Air-Dry and Condition the Leather
When there are no more traces of ink, treat the garment with a leather conditioner to help it remain supple and smooth. Allow the treated section of leather to air-dry after or between treatments. If you're treating your car's leather seats, you can open the doors of your car in a closed garage to increase air circulation.
Additional Tips for Removing Ink Stains from Leather
- Don't wait too long to remove the stains. Try to remove the ink while it is still wet.
- Don't make the problem worse by spreading the ink. Work from the outside edges toward the center.
- Don't scrub.
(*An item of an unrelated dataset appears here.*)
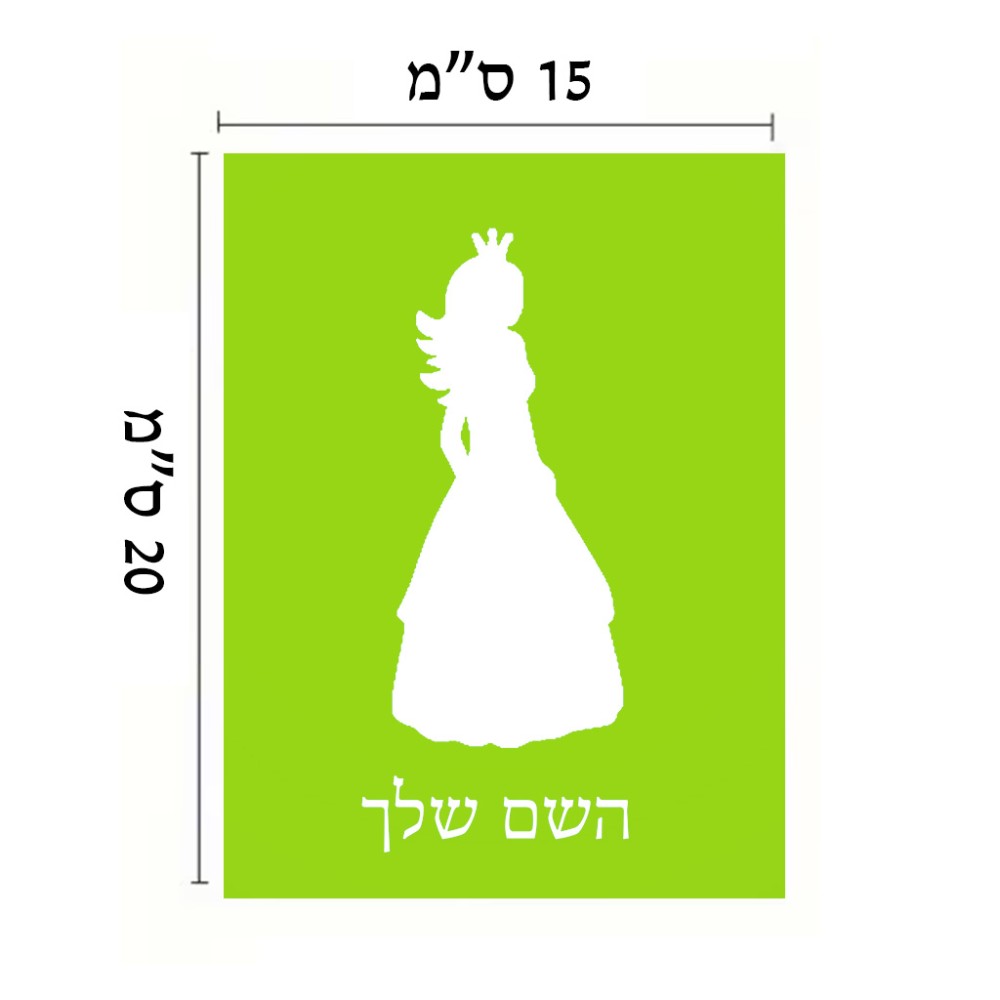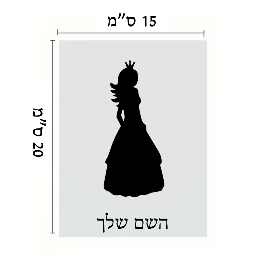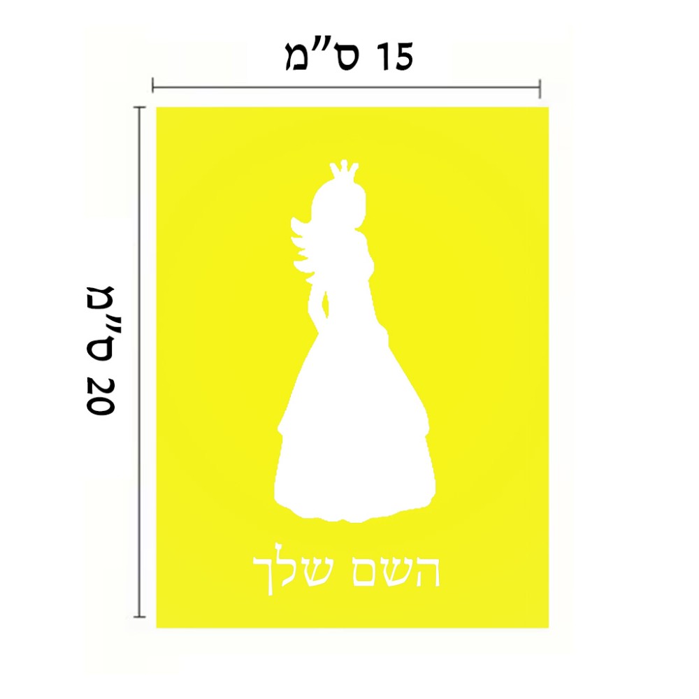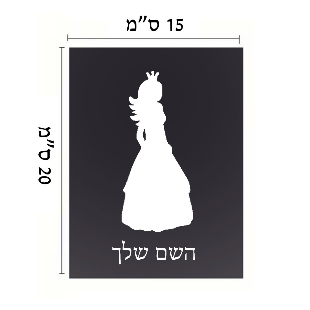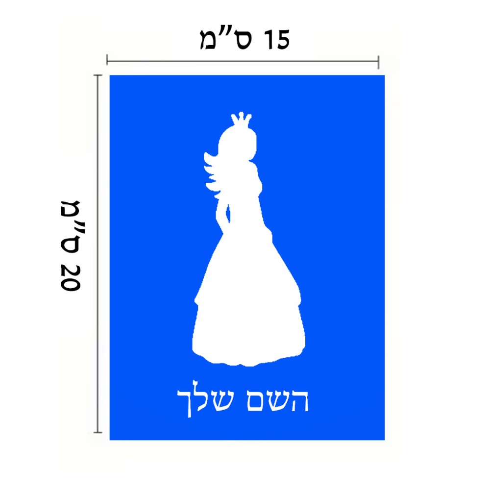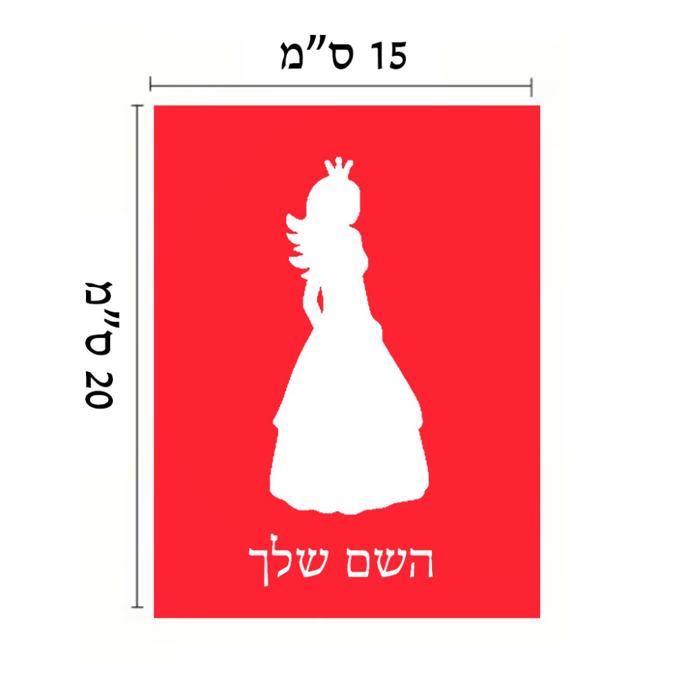 שלט אלומיניום קטן לחדר בעיצוב אישי עם השם שלך בעיצוב נסיכה גודל השלט 15 × 20 ס"מ. את השם המבוקש ניתן לציין בהזמנה, אם לא צויין אנחנו ניצור קשר לבירור.

Many leather goods are thin and scrubbing can create a hole or a loss of color.
- Don't give up. Older or dried stains will be harder to remove, you might need to repeat the cleaning process several times before the stain disappears.
- Don't use hairspray. Most hairsprays contain ingredients that can cause spotting on leather.
- Don't use a colored towel or cloth to treat the stain. The alcohol may cause the dye on the towel to transfer to the leather.
- You can substitute gin or vodka for rubbing alcohol. Don't use colored liquor!